Items from a data source
-=-=-

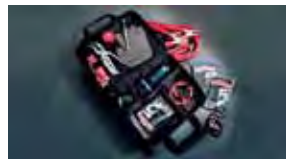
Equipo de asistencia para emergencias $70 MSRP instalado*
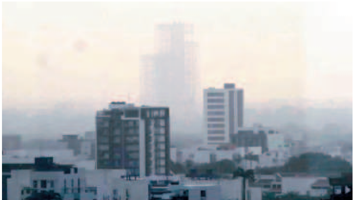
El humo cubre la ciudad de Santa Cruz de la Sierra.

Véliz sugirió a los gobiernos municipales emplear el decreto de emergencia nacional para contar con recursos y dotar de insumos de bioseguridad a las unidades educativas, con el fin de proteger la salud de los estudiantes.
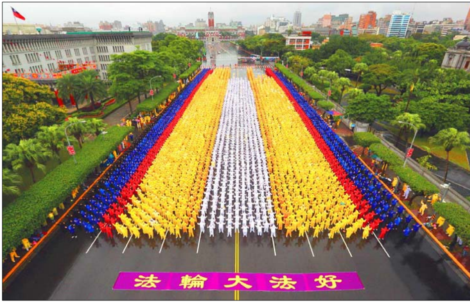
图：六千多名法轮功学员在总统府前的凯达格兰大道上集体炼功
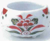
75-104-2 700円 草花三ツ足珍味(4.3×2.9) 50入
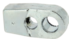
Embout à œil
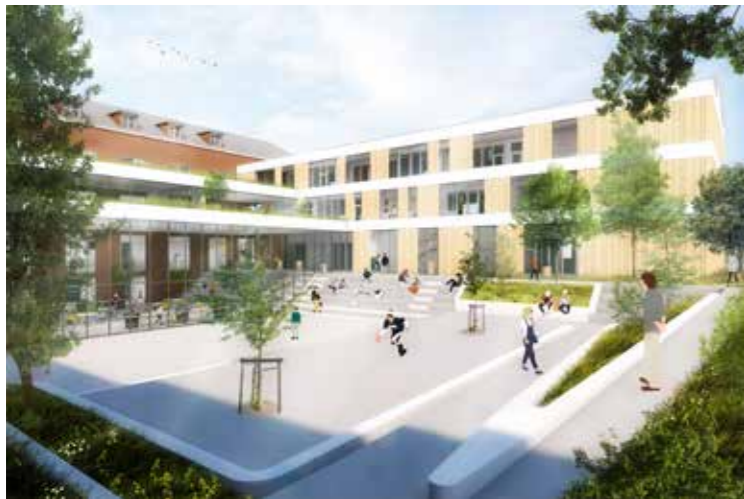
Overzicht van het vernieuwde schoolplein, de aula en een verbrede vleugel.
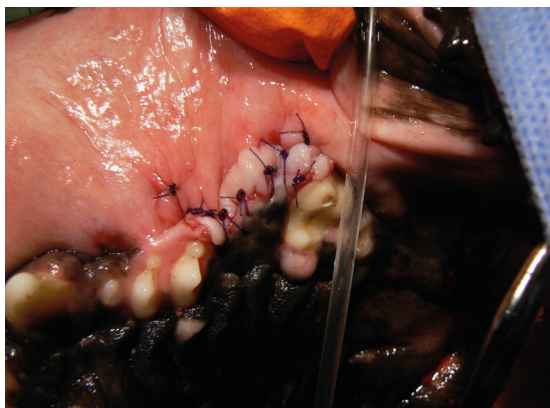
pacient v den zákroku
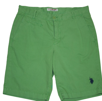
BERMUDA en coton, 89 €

-=-=-

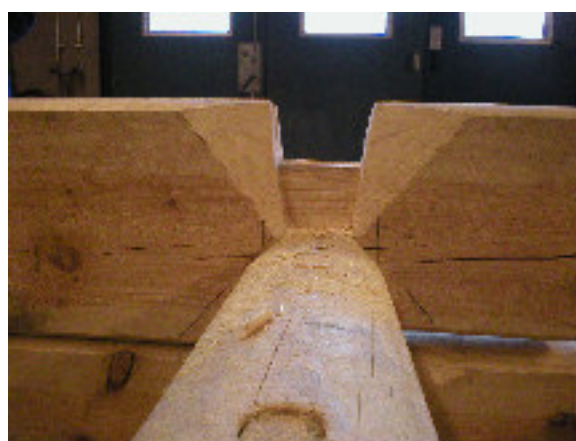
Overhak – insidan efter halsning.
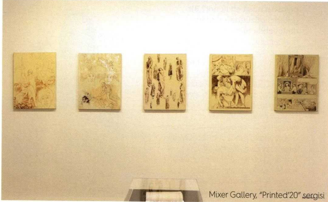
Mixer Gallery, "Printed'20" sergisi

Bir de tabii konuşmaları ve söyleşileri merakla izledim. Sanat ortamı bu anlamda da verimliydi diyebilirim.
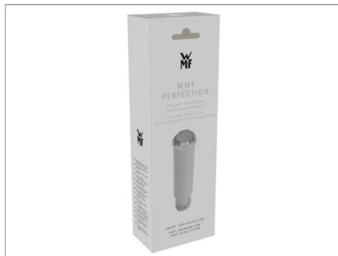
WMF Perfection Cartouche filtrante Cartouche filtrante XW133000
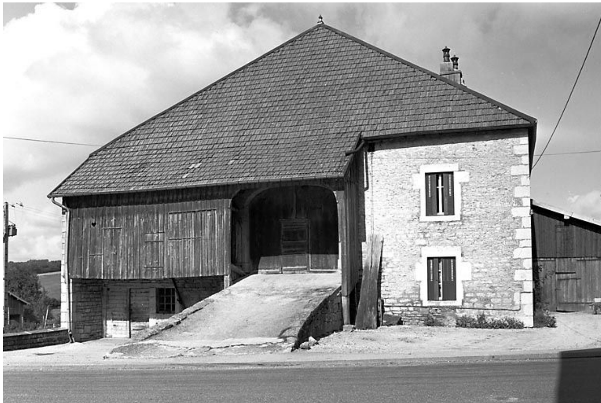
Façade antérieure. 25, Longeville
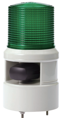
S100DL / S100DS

-=-=-

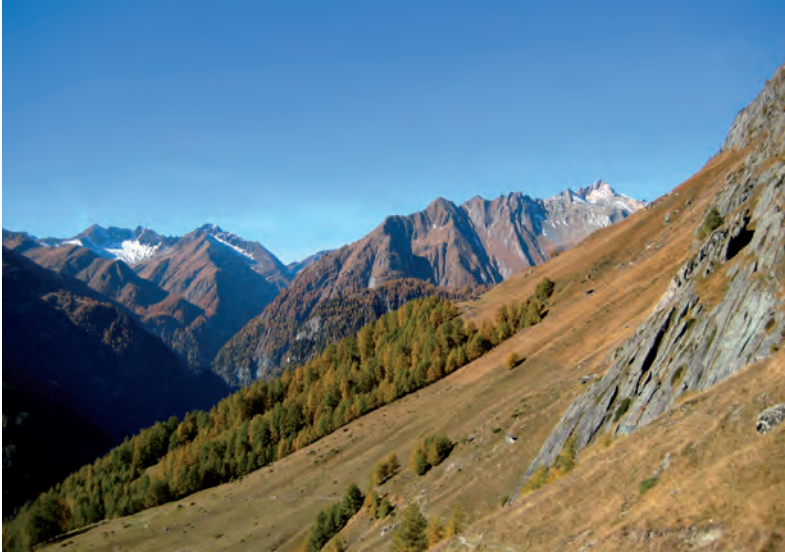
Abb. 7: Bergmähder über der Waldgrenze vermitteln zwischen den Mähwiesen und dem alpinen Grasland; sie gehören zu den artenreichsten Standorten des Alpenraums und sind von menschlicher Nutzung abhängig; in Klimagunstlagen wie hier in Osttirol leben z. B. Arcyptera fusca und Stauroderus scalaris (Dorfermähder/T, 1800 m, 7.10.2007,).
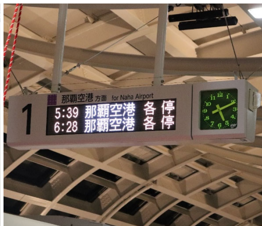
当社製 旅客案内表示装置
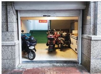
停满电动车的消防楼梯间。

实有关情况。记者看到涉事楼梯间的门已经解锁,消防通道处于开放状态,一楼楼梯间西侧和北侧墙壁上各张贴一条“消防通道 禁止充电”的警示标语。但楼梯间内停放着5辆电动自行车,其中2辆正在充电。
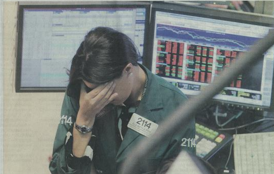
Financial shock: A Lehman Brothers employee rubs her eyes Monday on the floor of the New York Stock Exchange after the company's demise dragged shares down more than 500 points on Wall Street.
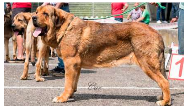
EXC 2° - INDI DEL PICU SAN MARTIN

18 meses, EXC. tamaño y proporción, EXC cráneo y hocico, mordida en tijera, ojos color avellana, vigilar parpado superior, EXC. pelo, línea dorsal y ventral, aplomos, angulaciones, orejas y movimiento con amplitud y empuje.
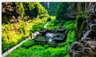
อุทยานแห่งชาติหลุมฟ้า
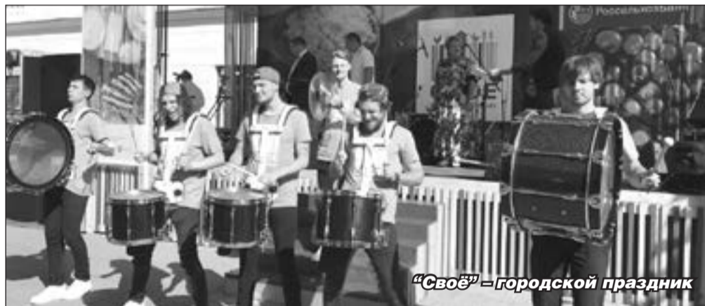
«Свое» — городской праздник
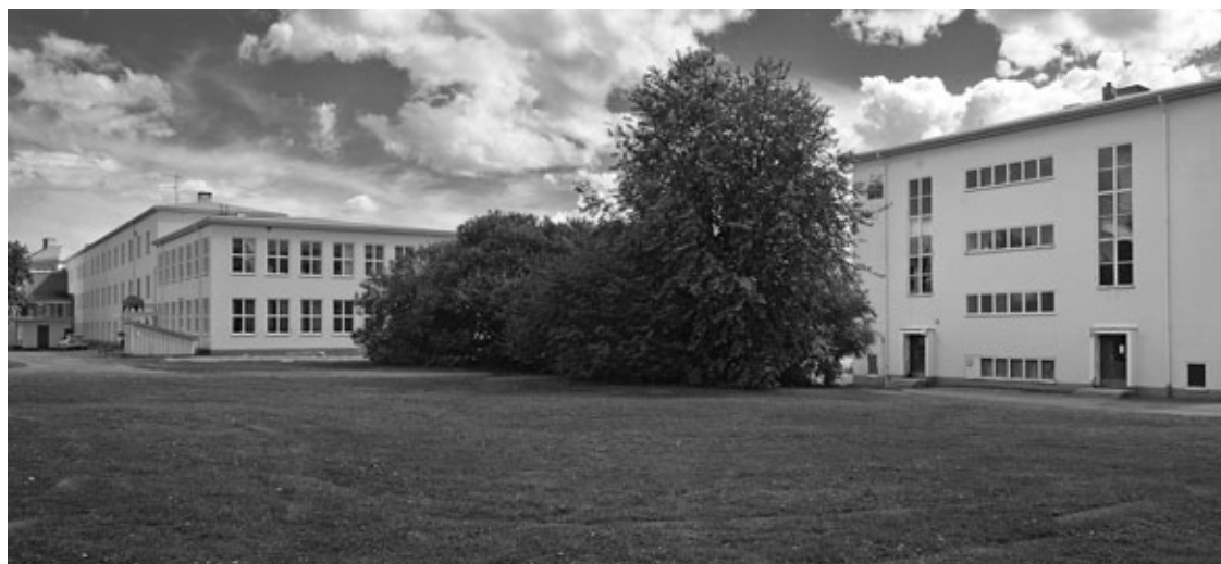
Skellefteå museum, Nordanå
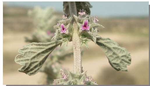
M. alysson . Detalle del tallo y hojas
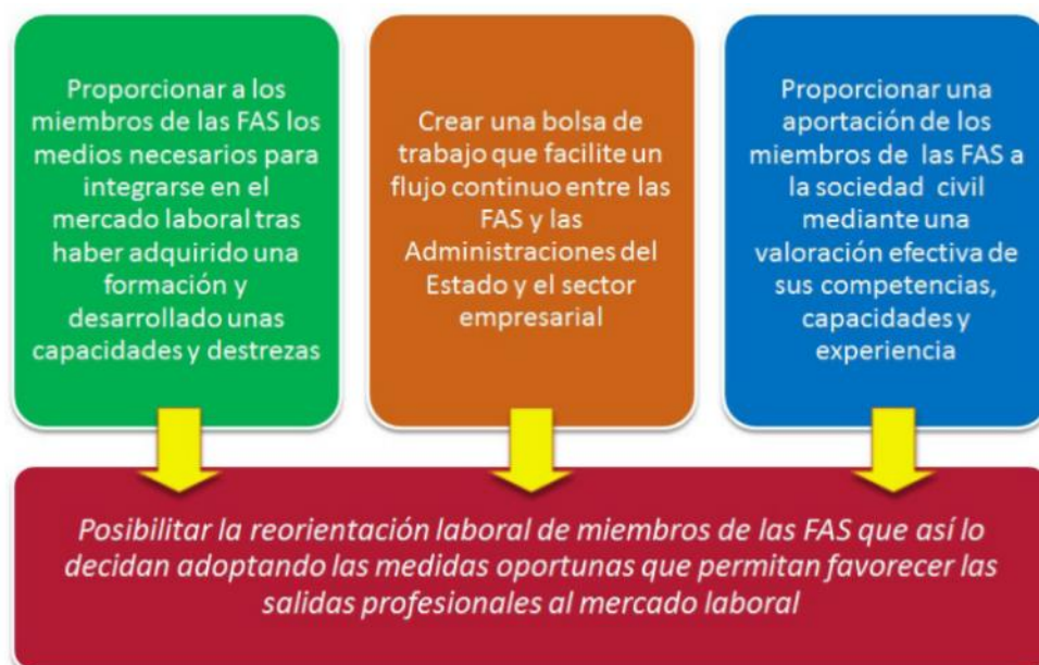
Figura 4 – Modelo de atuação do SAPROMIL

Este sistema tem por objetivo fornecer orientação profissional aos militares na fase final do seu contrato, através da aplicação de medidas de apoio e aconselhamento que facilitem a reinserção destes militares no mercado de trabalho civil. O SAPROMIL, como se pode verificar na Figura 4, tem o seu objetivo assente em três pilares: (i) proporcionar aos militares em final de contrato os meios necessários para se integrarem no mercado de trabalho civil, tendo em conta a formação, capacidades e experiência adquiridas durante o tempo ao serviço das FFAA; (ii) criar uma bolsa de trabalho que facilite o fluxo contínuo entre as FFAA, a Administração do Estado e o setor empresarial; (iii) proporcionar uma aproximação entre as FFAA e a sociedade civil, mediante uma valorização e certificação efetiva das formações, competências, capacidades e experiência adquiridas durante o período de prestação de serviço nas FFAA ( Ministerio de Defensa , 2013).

-=-=-

Beginning at the line above that contains "WMF Perfection Cartouche" and going on through the line that contains "S100DL / S100DS", please copy every line exactly, leaving the pictures out and adding nothing.

### EXERCISE ANSWER
WMF Perfection Cartouche filtrante Cartouche filtrante XW133000
Façade antérieure. 25, Longeville
S100DL / S100DS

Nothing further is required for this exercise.